Gregory Chaitin, a mathematics researcher at IBM's T. J. Watson Research Center in Yorktown Heights, New York, has shown that mathematicians can't actually prove very much at all. Doing maths, he says, is just a process of discovery like every other branch of science: it's an experimental field where mathematicians stumble upon facts in the same way that zoologists might come across a new species of primate.
The reason for Chaitin's provocative statements is that he has found that the core of mathematics is riddled with holes. Chaitin has shown that there are an infinite number of mathematical facts but, for the most part, they are unrelated to each other and impossible to tie together with unifying theorems. If mathematicians find any connections between these facts, they do so by luck. "Most of mathematics is true for no particular reason," Chaitin says. "Maths is true by accident."
Decades later, in the 1960s, Chaitin took up where Turing left off. Fascinated by Turing's work, he began to investigate the halting problem. He considered all the possible programs that Turing's hypothetical computer could run, and then looked for the probability that a program, chosen at random from among all the possible programs, will halt. The work took him nearly 20 years, but he eventually showed that this "halting probability" turns Turing's question of whether a program halts into a real number, somewhere between 0 and 1.

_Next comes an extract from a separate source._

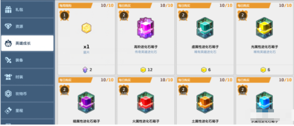 3.星片购买随机碎片箱子咱们就不讨论2星箱子了,毕竟应该没人会去买这个的吧(大概?)星片基本只有刷图才可以大量获得,也是特殊性建筑升级的材料之一现在国服的随机箱子是包括所有3星英雄的,不一定可以抽到你需要的碎片而接下来会更新成善恶箱子,元素箱子,每种箱子各三种元素的碎片最后更新成每种元素一个的纯粹元素箱子

Chaitin named this number Omega. And he showed that, just as there are no computable instructions for determining in advance whether a computer will halt, there are also no instructions for determining the digits of Omega. Omega is uncomputable.
Gregory Chaitin's Omega is a number that represents the probability or complexity of a mathematical object or function. It is also known as the "halting probability" and is used to measure the randomness or unpredictability of a mathematical system.
Gregory Chaitin developed Omega as part of his work in algorithmic information theory. He was inspired by the work of mathematician and computer scientist, Alan Turing, on the concept of algorithmic randomness.
Omega has significant implications for mathematics, specifically in the areas of algorithmic information theory, computational complexity, and the foundations of mathematics. It has been used to prove the existence of undecidable problems and has opened up new avenues for research in the field of randomness and complexity.
Omega is calculated by using a computer program to generate a series of random bits and then analyzing the sequence for patterns or structure. The more random the sequence, the higher the value of Omega. However, Omega is an uncomputable number, meaning it cannot be calculated exactly and is only known to a certain degree of precision.
One potential future application of Omega is in the field of cryptography, as it can be used to generate truly random numbers. It also has implications for artificial intelligence and the study of complex systems. Additionally, understanding Omega can help us better understand the limits of computation and the nature of randomness in the universe.